# Material provided

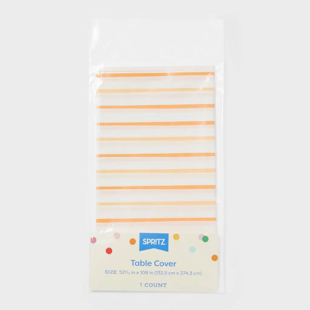 Bring a classic touch to your table with the Orange and White Stripe Table Cover from Spritz™. This stylish table cover features a timeless fun stripe design, perfect for any gathering. Made from durable polyethylene material, it ensures easy setup and hassle-free cleanup, so you can focus on enjoying the party. Whether it's a picnic, birthday, or casual get-together, this table cover adds a charming vibe to your event.Spritz™: Pops of joy that make the moment™.
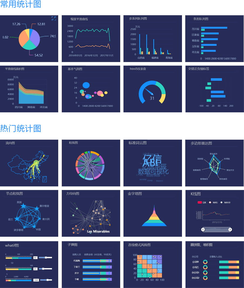 ABI采用JS、FLASH、HTML5三種技術(shù)自主開發(fā)統(tǒng)計(jì)圖,豐富的統(tǒng)計(jì)圖保證了其具有美觀的圖形展現(xiàn)能力,除了常用的柱狀圖、線狀圖、條形圖、面積圖、餅圖、點(diǎn)圖、儀表盤、走勢(shì)圖外,還支持和弦圖、圈餅圖、金字塔、漏斗圖、K線圖、關(guān)系圖、網(wǎng)絡(luò)圖、玫瑰圖、帕累托圖、數(shù)學(xué)公式圖、預(yù)測(cè)曲線圖、正態(tài)分布圖、迷你圖等,樣式包括2D、3D、EXCEL、AUTUMN、FLASH等;通過組合設(shè)計(jì)可以搭配處上千種視覺效果。
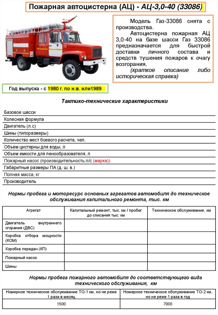 1. Пожарная автоцистерна (АЦ) - АЦ-3,0-40 (33086)
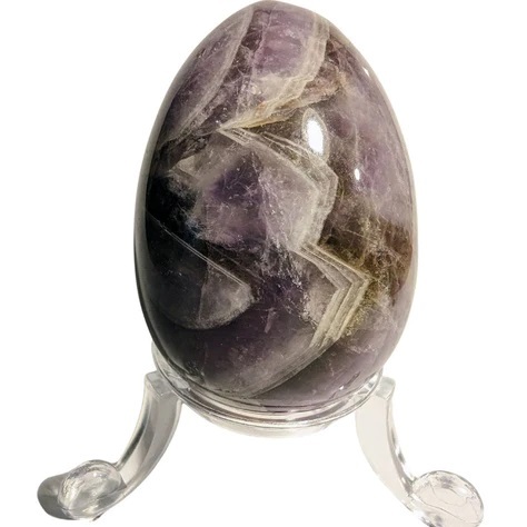 nvite serenity and spiritual growth into your space with our Captivating Amethyst Chevron Crystal Egg. Each egg is expertly shaped from Chevron Amethyst, exhibiting its distinct banded patterns and captivating purple hues.

# What this task involves
Please write out the material from the line containing "ABI采用JS、FLASH、" to its final line, both inclusive, exactly as it appears; pictures are not part of the copy.

# The completed task
 ABI采用JS、FLASH、HTML5三種技術(shù)自主開發(fā)統(tǒng)計(jì)圖,豐富的統(tǒng)計(jì)圖保證了其具有美觀的圖形展現(xiàn)能力,除了常用的柱狀圖、線狀圖、條形圖、面積圖、餅圖、點(diǎn)圖、儀表盤、走勢(shì)圖外,還支持和弦圖、圈餅圖、金字塔、漏斗圖、K線圖、關(guān)系圖、網(wǎng)絡(luò)圖、玫瑰圖、帕累托圖、數(shù)學(xué)公式圖、預(yù)測(cè)曲線圖、正態(tài)分布圖、迷你圖等,樣式包括2D、3D、EXCEL、AUTUMN、FLASH等;通過組合設(shè)計(jì)可以搭配處上千種視覺效果。
 1. Пожарная автоцистерна (АЦ) - АЦ-3,0-40 (33086)
 nvite serenity and spiritual growth into your space with our Captivating Amethyst Chevron Crystal Egg. Each egg is expertly shaped from Chevron Amethyst, exhibiting its distinct banded patterns and captivating purple hues.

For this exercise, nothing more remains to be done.